Vielleicht 1 oder 2 wären in Ordnung. Na gut. 5 oder 6 sind wohl realistischer, aber trotzdem noch vertretbar.  Aber warum habe ich Angst vor Zahlen, die jenseits von der 10 liegen? Meine Freundin ist 24 Jahre alt. Wenn ich davon ausgehe, dass sie ihr erstes Mal  mit 15 Jahren hatte, dann wären das 1,1 Sexpartner pro Jahr. Und wenn man jetzt mal ehrlich zu sich ist, dann hört sich das verschwindend gering an. Fast zu vernachlässigen. Was ist, wenn die Zahl nicht 10 sondern 20 lauten würde? Dann wären es 2,2 Sexpartner pro Jahr. In 365 Tagen hätte sie das Bedürfnis gehabt, mit 2,2 Männern intim zu sein. Das hört sich für mich immer noch völlig vertretbar an. Dass die Rechnung bei langjährigen Beziehungen, die in der Zwischenzeit gewesen sein könnten nicht aufgeht, ist mir natürlich bewusst. Doch wenn ich mir dieses vereinfachte Rechenbeispiel in Situationen wenn es um Zahlen geht vor Augen rufe, dann wird es erträglicher. Fasst schon so, als wenn es mich nicht stören würde.

Nach all diesen hochkomplexen Rechnungen komme ich zu einem Schluss. Ich muss und will einfach nicht alles wissen. Augen zu, einmal tief durchatmen, Augen wieder auf und in die deines Gegenüber schauen. Jetzt noch einmal darüber nachdenken ob es das Wert ist, wegen einer Zahl irgendetwas von diesen braunen Augen in Frage zu stellen. Nein!

Warum ist es nicht so schlimm, wenn ein Mann mehr Sexpartner hatte als die Frau?

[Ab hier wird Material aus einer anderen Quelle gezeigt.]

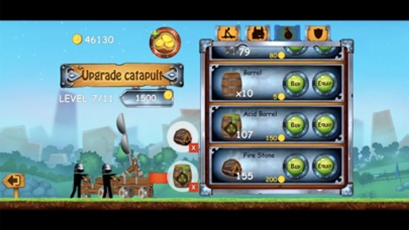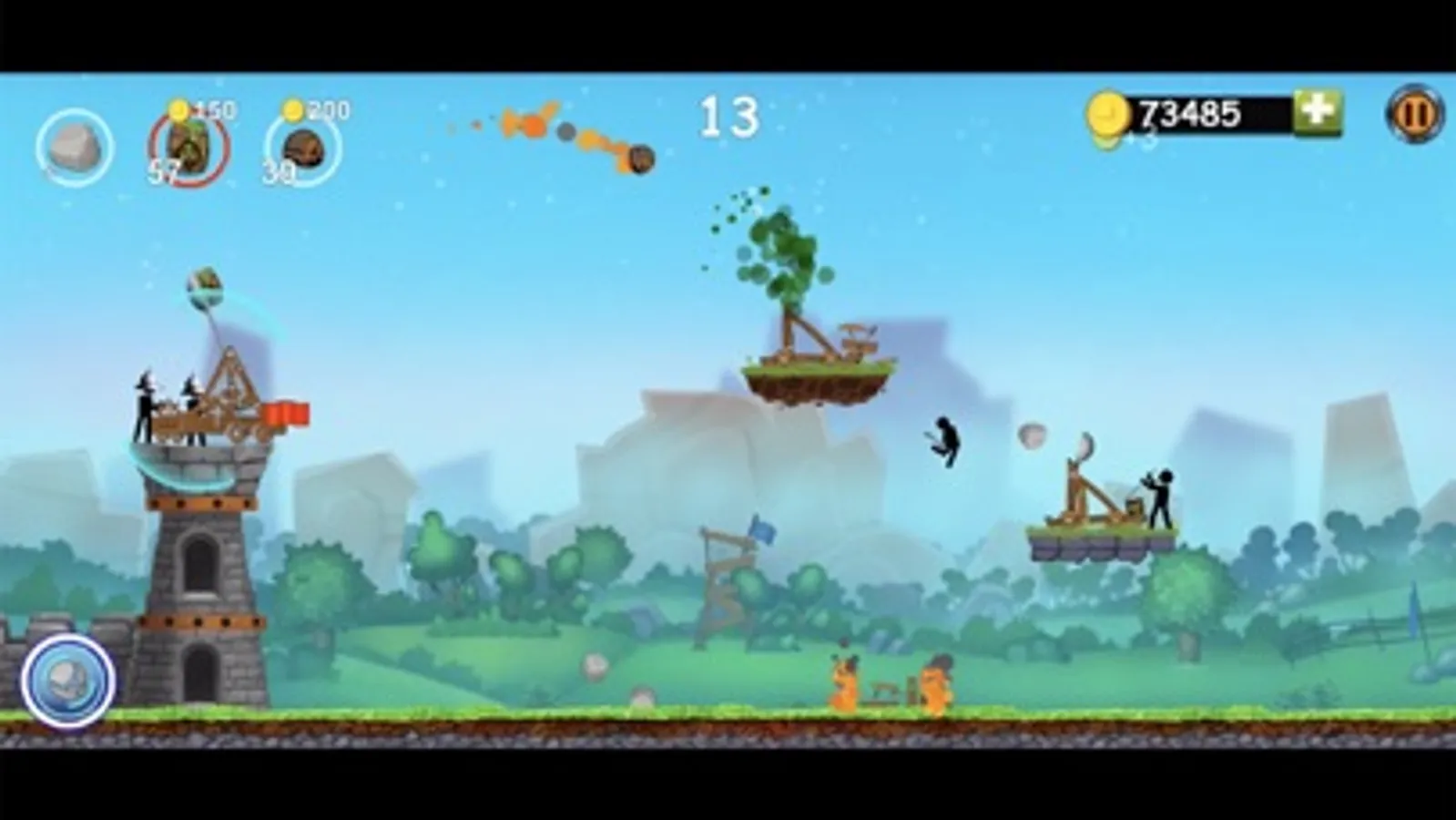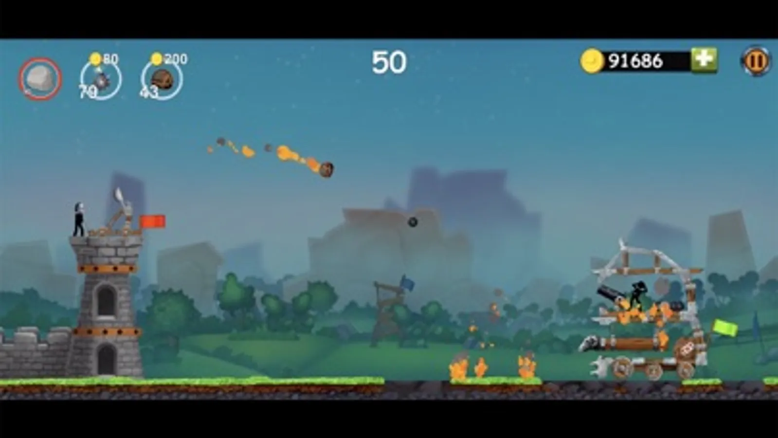 The game has a simple intuitive control. Tap on the screen and pull to charge the catapult and select the tension force. Release to launch the projectile into the enemy.

Ich bin bestimmt nicht das, was man den Prototyp von verklemmt sein nennt. Erfahrungen sind das, was uns ausmacht. Der Eine hat mehr davon und der Andere eben weniger. Bei Frauen ist die Thematik zum Glück die Selbe. Doch trotz aller Emanzipation werden Frauen, die “locker” mit dem Thema wechselnde Sexpartner umgehen, eher gedanklich ins Abseits gestellt, als Männer. Männern klopft man sogar auf die Schulter und gibt ihm mit Ehrfurcht eine Art Bestätigung, dass er als “Stecher des Jahres” nominiert werden sollte. Für Frauen wird oft nur ein Wort gefunden.

Warum können Frauen nicht auch einfach Vögeln wie und wann sie lustig sind, ohne einen Stempel mit der Aufschrift “Schlampe” aufgedrückt zu bekommen?

Die Unterschiede, die mir einfallen würden, sind ziemlich banal und vorurteilsbehaftet. Eine Frau lässt “etwas” in sich herein und der Mann dringt mit “etwas” ein. Eine Frau kann Schwanger werden und der Mann nicht. Der Penis lässt sich einfacher “reinigen” als die Vagina. Ich weiss nicht, ob die Überlegungen zu weit hergeholt sind, aber andere plausible Gegenthesen wollen sich mir einfach nicht zeigen.

Aber wie öffnet man die Gedankengänge Derer, die eine Blockade in ihrer Rechenmaschine haben?

Mit Aufklärung wird man nicht weit kommen. Vielleicht mit bewusstseinserweiternden Medikamenten, die Geschlechterrollen der letzten Jahrtausenden in Frage stellen lassen oder doch einfach damit, dass man sich wie man es schon im Mittelalter gesagt hat “An die eigene Nase fassen” soll. Genau diese Denkweise hat mir in etlichen Situationen in meinem Leben geholfen, meine eigenen verkeilten Gedanken zu lösen und ihnen den Weg nach draußen zu zeigen. Von mir aus auch in den Kopf des nächsten, bis alle an den Punkt gelangt sind, offen mit Themen umzugehen, die einfach in das Jahr 2017 gehören und nicht in die Steinzeit.